Le tribunal dispose ainsi d’éléments d’information suffisants pour constater que l’invalidité présentée par Monsieur [A] [H] à la date de sa demande en mai 2024 ne justifie pas un passage en catégorie 2.
En conséquence, il convient de maintenir la décision de la [7] du 31/05/2024 confirmée par décision implicite de la [6], soit le maintien en catégorie 1, et de rejeter le recours présenté par Monsieur [A] [H] de sa demande de pension invalidité catégorie 2.

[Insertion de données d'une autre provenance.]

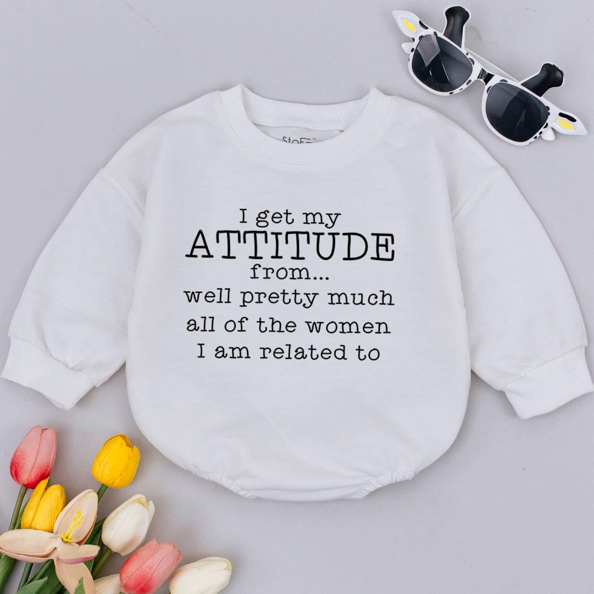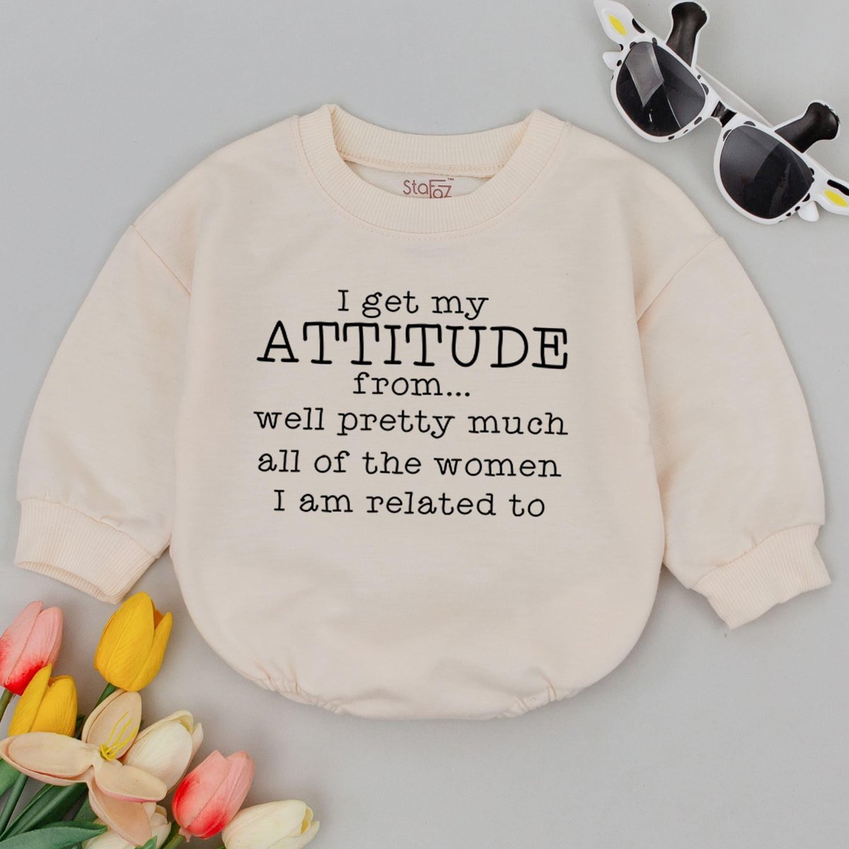 I Get My Attitude From Pretty Much All Of The Women Im Related To Baby Romper Funny Baby Clothes Bab 179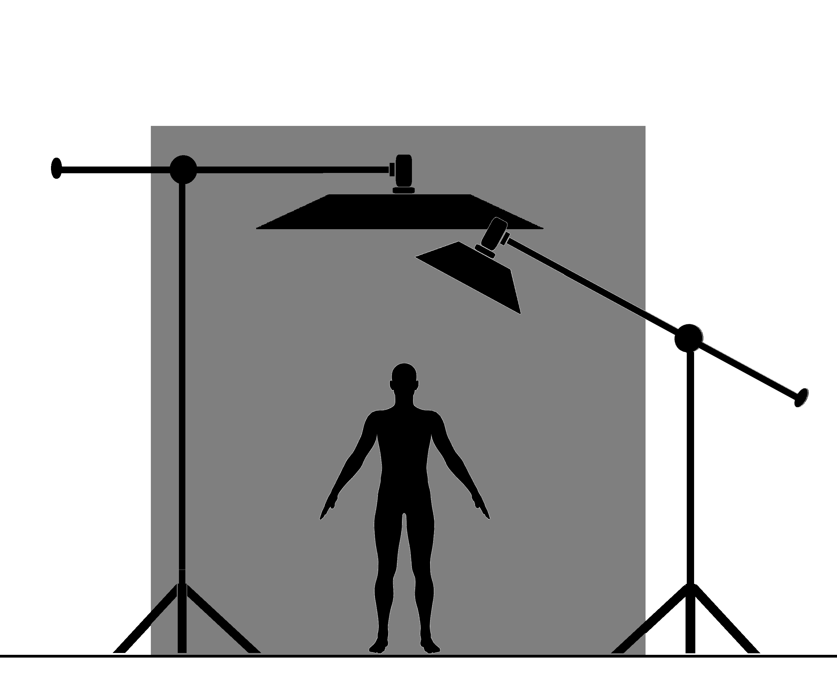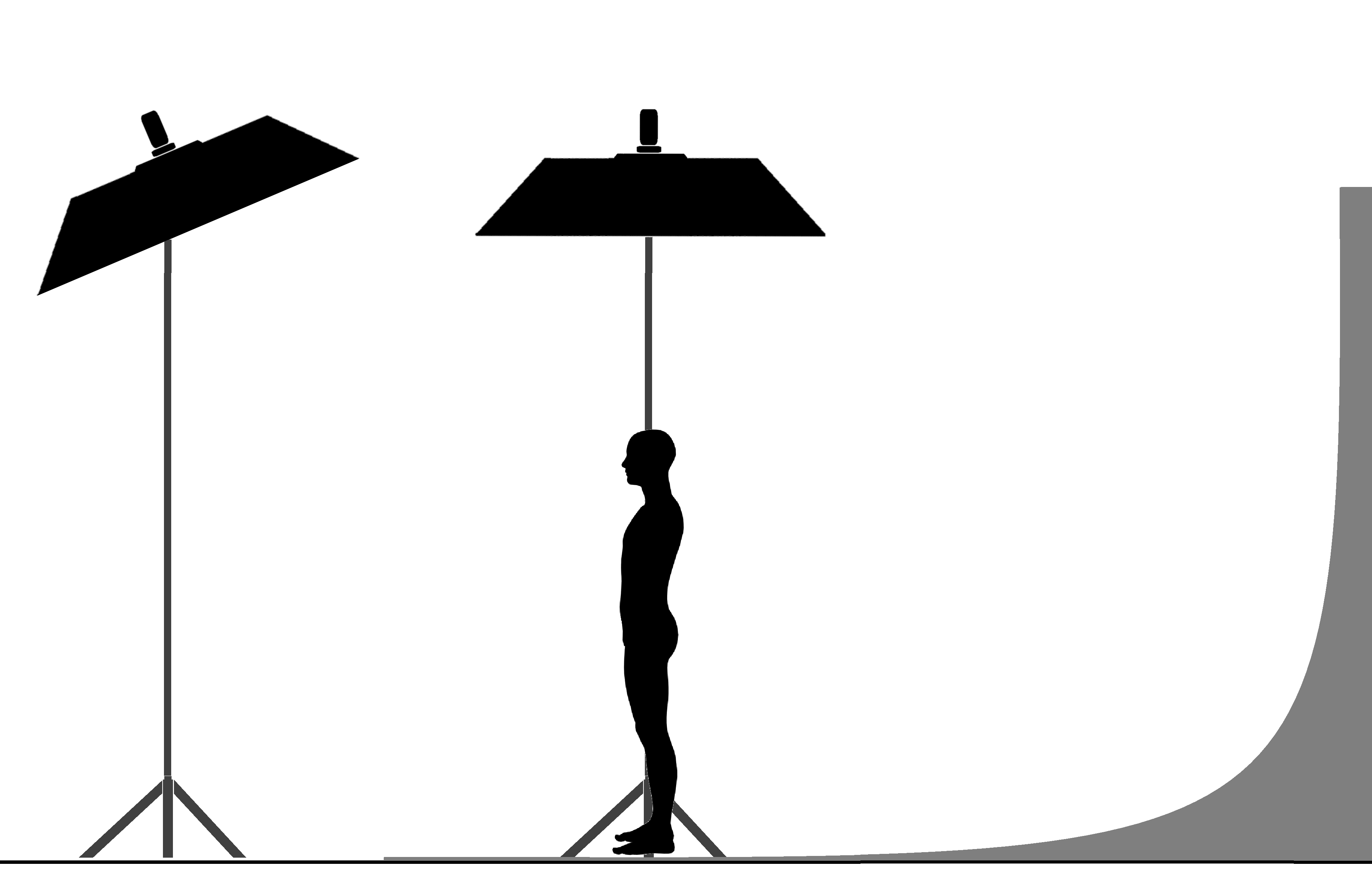 Background Light: The background lighting is not shown as it is a standard white background lighting set up and can be accomplished in several ways.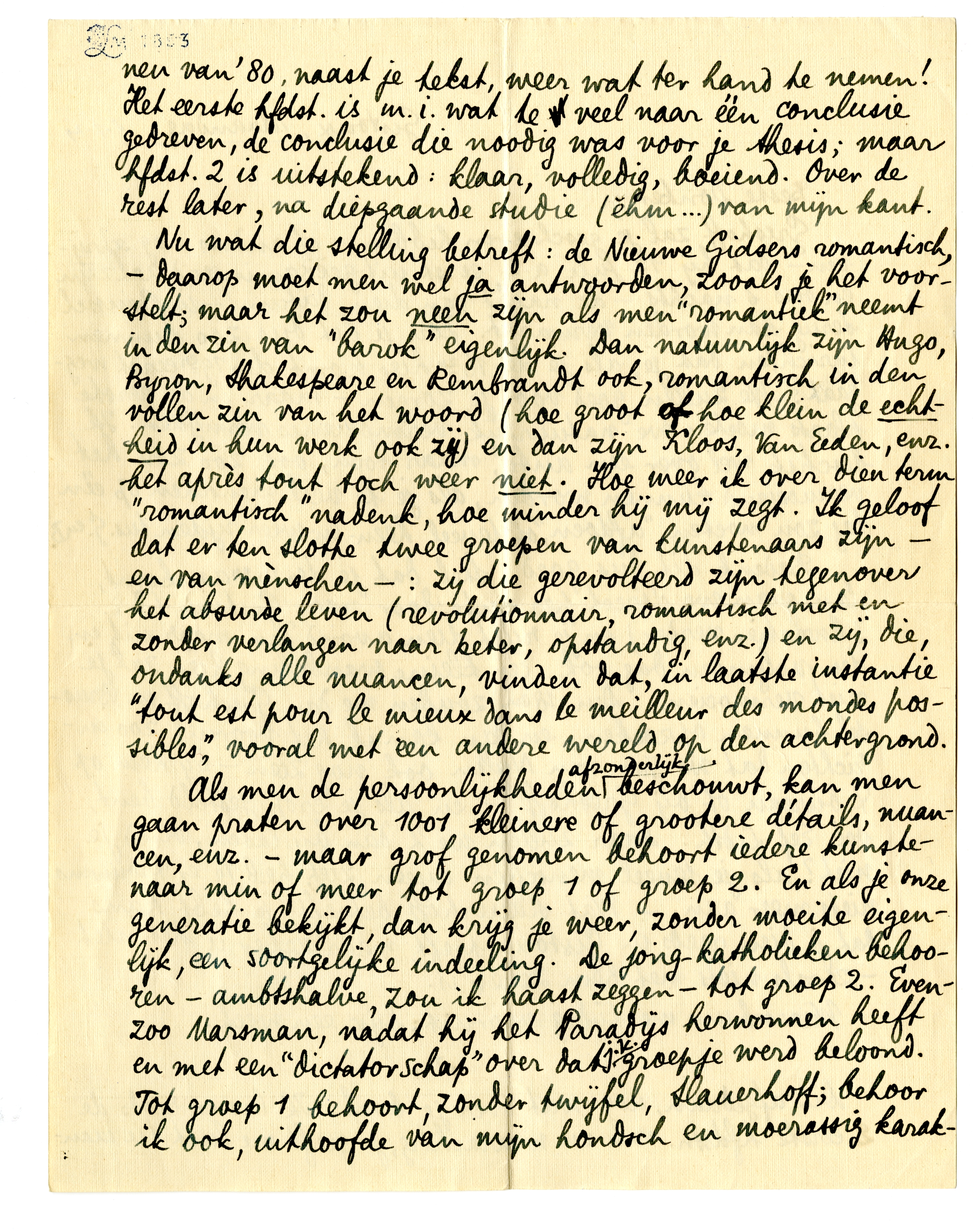 Nu wat die stelling betreft: de Nieuwe Gidsers romantisch,-daarop moet men wel ja antwoorden, zooals je het voorstelt; maar het zou neen zijn als men ‘romantiek’ neemt in den zin van ‘barok’ eigenlijk. Dan natuurlijk zijn Hugo, Byron, Shakespeare en Rembrandt ook, romantisch in den vollen zin van het woord (hoe groot of hoe klein de echtheid in hun werk ook zij) en dan zijn Kloos, Van Eeden, enz. het après tout toch weer niet. Hoe meer ik over dien term ‘romantisch’ nadenk, hoe minder hij mij zegt. Ik geloof dat er ten slotte twee groepen van kunstenaars zijn-en van mènschen-: zij die gerevolteerd zijn tegenover het absurde leven (revolutionnair, romantisch met en zonder verlangen naar beter, opstandig, enz.) en zij, die, ondanks alle nuancen, vinden dat, in laatste instantie ‘tout est pour le mieux dans le meilleur des mondes possibles’668, vooral met een andere wereld op den achtergrond.

Il convient par ailleurs d’ordonner l’exécution provisoire vu l’ancienneté du litige.
PAR CES MOTIFS
Le tribunal, statuant par jugement contradictoire, en premier ressort,
— DÉCLARE recevable en la forme le recours présenté par Monsieur [A] [H];
— MAINTIENT la décision de la [7] du 31/05/2024, confirmée par décision implicite de la [6] et REJETTE le recours présenté par Monsieur [A] [H] de sa demande de pension invalidité catégorie 2;
— ORDONNE l’exécution provisoire ;
— RAPPELLE, en application de l’article 61 (VII) de la loi n° 2019-774 du 24 juillet 2019 relative à l’organisation et à la transformation du système de santé, que les frais de consultation médicale ordonnée au cours de l’audience sont à la charge de la [5] ;
— DIT que chaque partie conservera la charge de ses dépens ;
Jugement prononcé par mise à la disposition au greffe le 13 janvier 2026 dont la minute a été signée par la présidente et par la greffière.